Sometimes it can be tricky untangling what you want out of strings…

Before digging into how to craft regex expressions, I want to mention that there are a lot of great reference sites for exploring and practicing how regex works. I use regex101 to test out expressions and for quick reference, but several similar sites exist such as regexr exist as well. And of course, there’s no substitute for trying to build code for practice too.

Regex expressions are denoted by enclosing a pattern between backslashes. Optionally, some languages can add flags after the second backslash that denotes different scopes of pattern matching, but for now let’s focus on a basic expression.

the search function will return the first index that the regular expression matches

In this example I use boring ol’ strings as our expression, and our search function returns the first index value that matches or -1 if there’s no match. I say ‘boring’ because simple strings like don’t take advantage of any of the tools regex has at its disposal. Notice that the second example still returns 1 since that exact sequence is within the string, whereas the third example returns -1 since ‘hola’ is not contained.

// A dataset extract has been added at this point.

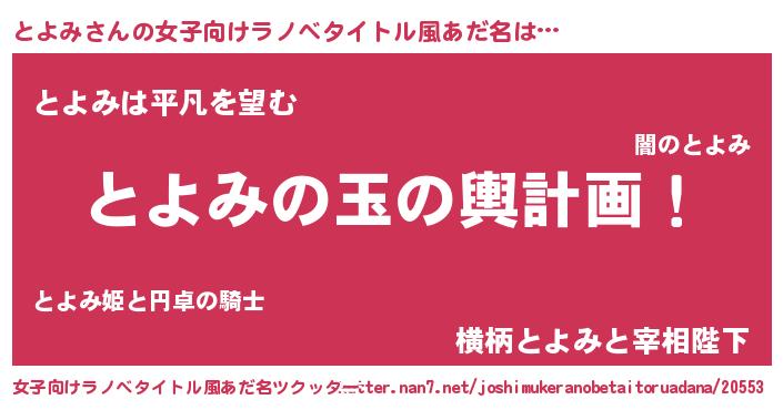 | ヒーロー風カッコイイあだ名 | 『炎刃騎士トヨ』『超時空戦士トヨミ』 |
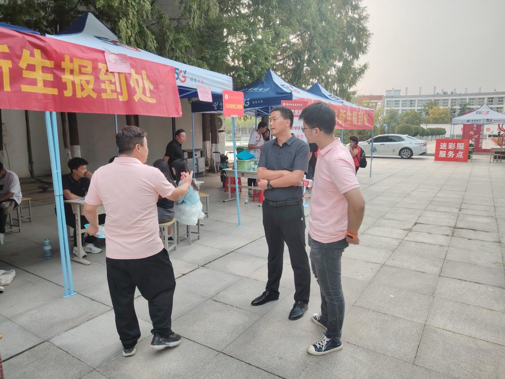 报到现场,辅导员忙碌地为新生办理入学手续,仔细核对信息、发放宿舍钥匙,耐心解答各种问题。公司领导也始终在迎新现场之间穿梭。他们与新生和家长亲切交流,了解他们的需求和期望,为新生们送上关怀和祝福。

A period within a regex expression can be substituted for any character. If you need to indicate a literal period within an expression then you can “escape” into it by placing a forward slash before it.

The test function will check a string for a regex expression and return true or false

This regex expression is using a set. Sets search a single position in the sequence for all the characters contained within the set. In this case, the expression is looking for a string whose first position is either ‘b’, ‘c’, or ‘r’ followed by the characters ‘a’ and ‘t’. Notice that only the fourth test fails to match. Sets combine with many of regex’s other tools, allowing for sets containing special characters and ranges as well as ways to search for more than one match of the same set.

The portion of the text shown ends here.